The Black Death in 1348-49 is believed to be the cause of why the church in Sandhurst is so far from the main village, although it could also be explained by an increase in trade heading from Hawkhurst to Rye, where the majority of the village now rests.

==Facilities==
- Sandhurst Primary School is in the centre of the village and was founded in 1909.
- 'Johnson's of Sandhurst', formerly 'Mace' after a supplier change, is the main shop, selling a variety of food and other items as well as housing the post office. There are also a beauty salon, a tea room, a garage and a hardware store.
- St. Nicholas' Church is located in Sandhurst Cross, about a mile south from the main village. There is also a Baptist church, located on the A268, Rye Road.
- Sandhurst windmill (Ringle Crouch Green) has been rebuilt from the base, which was all that remained. It now serves as a house, but supplies electricity.
- There is a social club on the back road in the village, open to members and guests, providing live entertainment as well as facilities for darts, pool, and television.
- The New Swan is the only public house in the village, offering food and drinks as well as regular live entertainment and karaoke nights.
- There are two tea rooms in the village.

==Roads==
The main road through the village is the A268, Rye Road. Bodiam Road leads to Bodiam in the south; Sponden Lane at the western end of the village goes to Benenden, to the north of the village.
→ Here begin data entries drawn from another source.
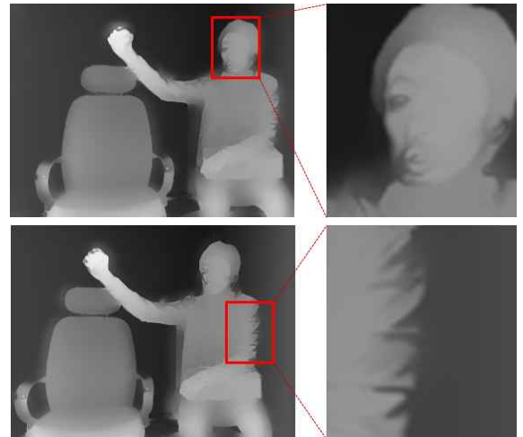
그림 1. 좌, 우 영상에 해당되는 시점 간 일관성이 고려되지 않은 해상도 상황변환 된 깊이 영상

식 (2) 에서 Range kernel 은 각 시점에서의 컬러 영상 정보를 모두 포함한다. 본 논문에서는 두 개의 시점을 사용하므로 좌, 우영상으로 Range kernel을 구성하였다. 사용가능한 컬러 영상 정보를 모두 활용하여 시점 간 일관성을 유지시킬 수 있다. 변수 t 는 반복 수행 횟수를 의미한다. 반복 수행한 결과와 이전 결과 값의 차이가 한계치를 넘는다면 그 픽셀에서의 값은 잘못 필터링 된 값, 즉 세부 텍스처가 표현되는 영역으로 판단하여 이전 결과의 값을 다음 반복 수행에서 그대로 사용한다. 한계치를 넘지 않는다면, 경계를 보존하고 평활한 영역을 더욱 부드럽게 하는 JBU 의 성능에 맞게 필터링 된 값이라고 판단하여 다음 반복 수행에서 필터링 값을 사용한다. 이러한 픽셀별 선택적 반복 수행을 통해 각 시점 간의 일관성이 유지되는 고해상도 깊이 영상을 획득할 수 있다.
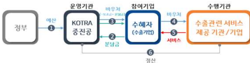
[ 수출바우처 발급·정산 흐름도 ]

매칭펀드로 조성한 사업비(①국고+②기업분담금)를 재원으로 수혜기업(참여기업)에 ③바우처(가상쿠폰)를 발급하고, 수혜기업은 수행기관 서비스를 ④⑤이용한 후 ⑥비용 정산
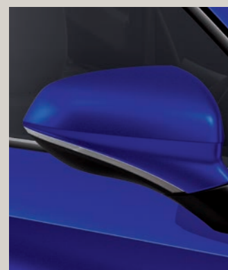
MYSTERY MODRÁ R St XC FR
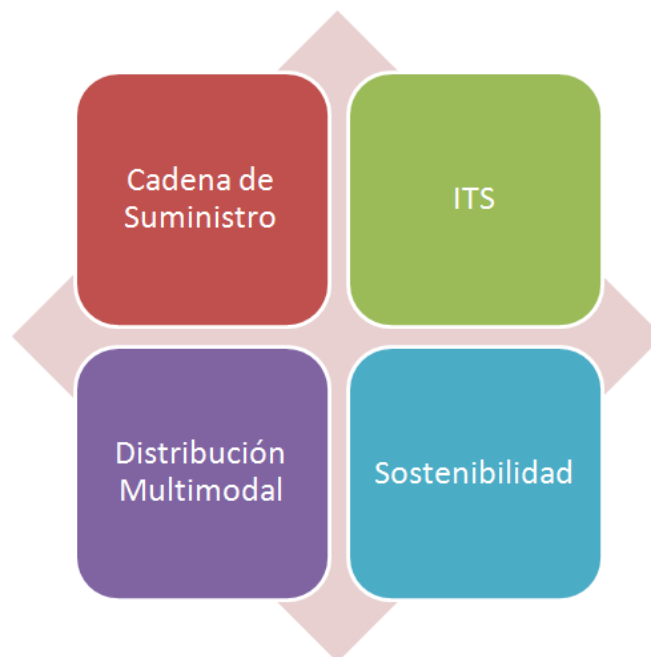
Figura 7: Áreas que componen el término logística

Debido al gran abanico de temáticas que tienen cabida bajo el término LOGÍSTICA, se han definido cuatro áreas para clasificar toda la oferta formativa. Estas áreas aparecen en la siguiente figura:
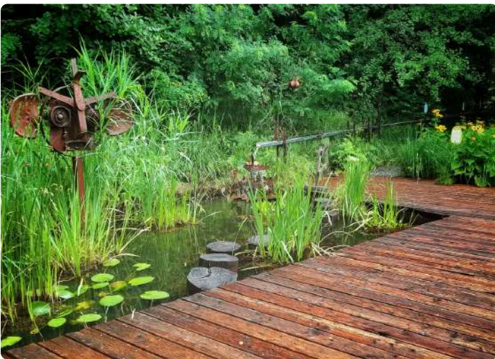
Porte des Miroirs
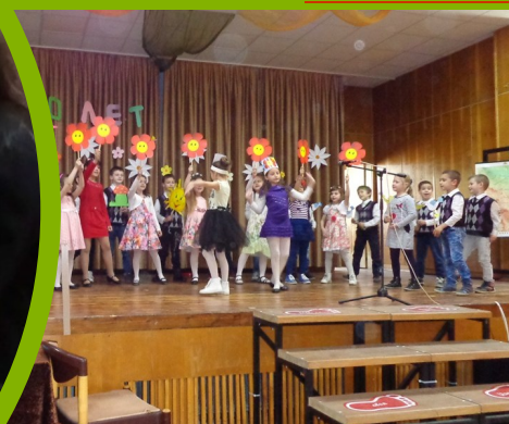
Начален етап Тържество. Първа пролет
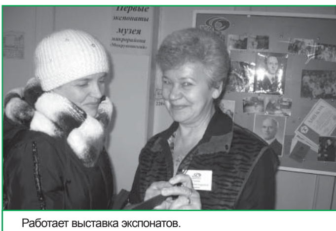
Работает выставка экспонатов.
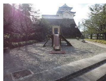
あじさい公園（堀地区（指定地内））
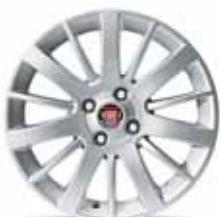
16-calowe obręcze kół HALFPIPE z lekkiego stopu w kolorze aluminium z ogumieniem 195/55 R16 ▲ (opcja nr 431)
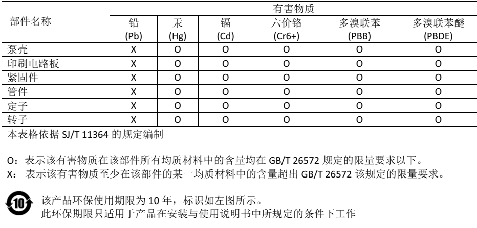
产品中有害物质的名称及含量
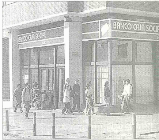
Créditos por 3 billones 931 mil millones de pesos respaldó el Fondo Nacional de Garantías (Fng), entre enero y septiembre de este año

El Fng proyecta garantizar en 2008 créditos por más de 5,5 billones de pesos, beneficiando a más de 200 mil usuarios.
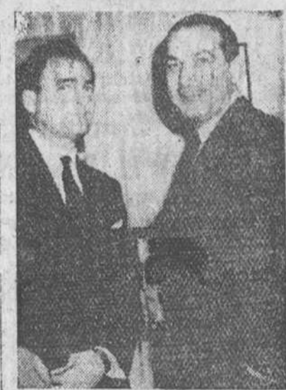
San Francisco.—El productor cinematográfico Mike Todd (a la izquierda) y el escritor de asuntos cinematográficos Cohn, que resultaron muertos al estrellarse el avión particular de Todd cerca de Grants. Esta fotografía fue obtenida en Enero de 1957, en el club de Prensa de esta ciudad.—(Foto Cifra)
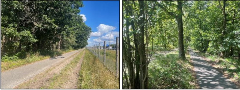
Figuur 2. Impressie van het projectgebied. Met de klok mee beginnend bij linksboven: Hutdijk, verlengde van de Sophiastraat richting de snelweg, projectgedeelte parallel aan snelweg, projectgedeelte richting Hutdijk.
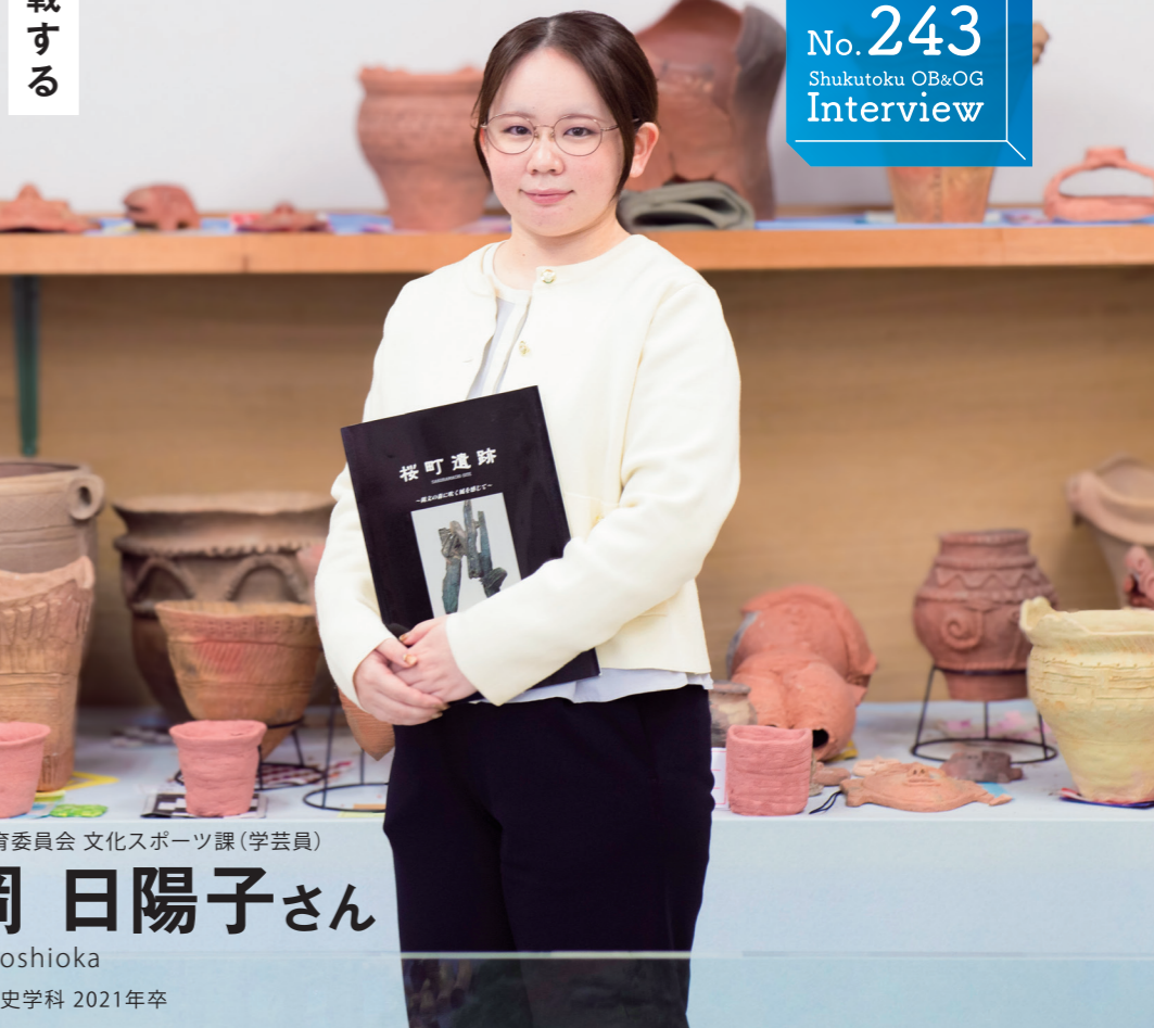
小矢部市教育委員会 文化スポーツ課(学芸員)

Sandhurst is served by the Arriva Southern Counties number 5 bus to Maidstone, but not on Sundays.

==Twinning==
Sandhurst is twinned with the village of Heuringhem in northern France. There is an active Sandhurst Twinning Association.

==Landmarks==

Significant landmarks in the village include the clock tower, which was built in 1889 in memory of Arthur Oakes and is a grade II listed building, and Sandhurst War Memorial, which was designed by Sir Edwin Lutyens and unveiled in 1923 and sits in an elaborate setting; it is also grade II listed.